→ WHAT THE TASK ASKS
From the line that has "GN푸드 중국지사 김영철 대표, 승리한 조준건에게 트로피 시상[로드FC]" down to the last line of the data below, set down every line exactly, but none of the pictures.

→ AVAILABLE DATA
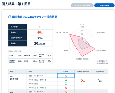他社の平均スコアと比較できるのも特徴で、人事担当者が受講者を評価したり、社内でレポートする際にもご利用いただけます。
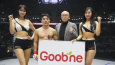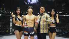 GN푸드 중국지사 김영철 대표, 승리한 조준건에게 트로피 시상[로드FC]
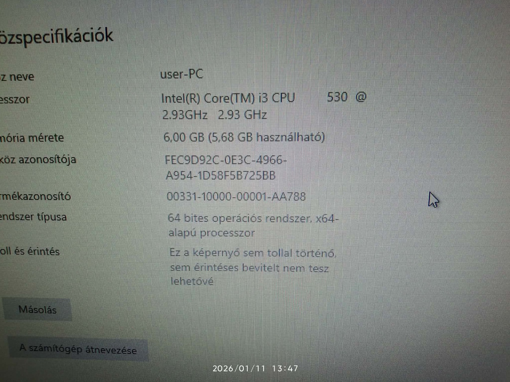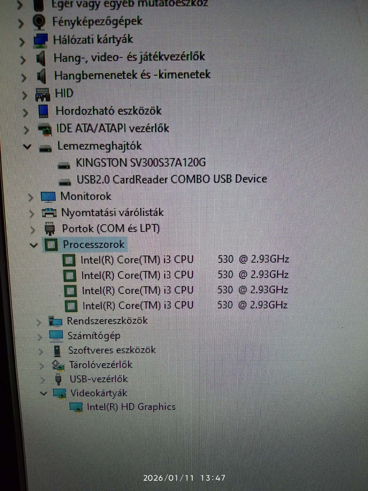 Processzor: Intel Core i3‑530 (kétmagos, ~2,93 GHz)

→ WRITTEN ANSWER
 GN푸드 중국지사 김영철 대표, 승리한 조준건에게 트로피 시상[로드FC]
 Processzor: Intel Core i3‑530 (kétmagos, ~2,93 GHz)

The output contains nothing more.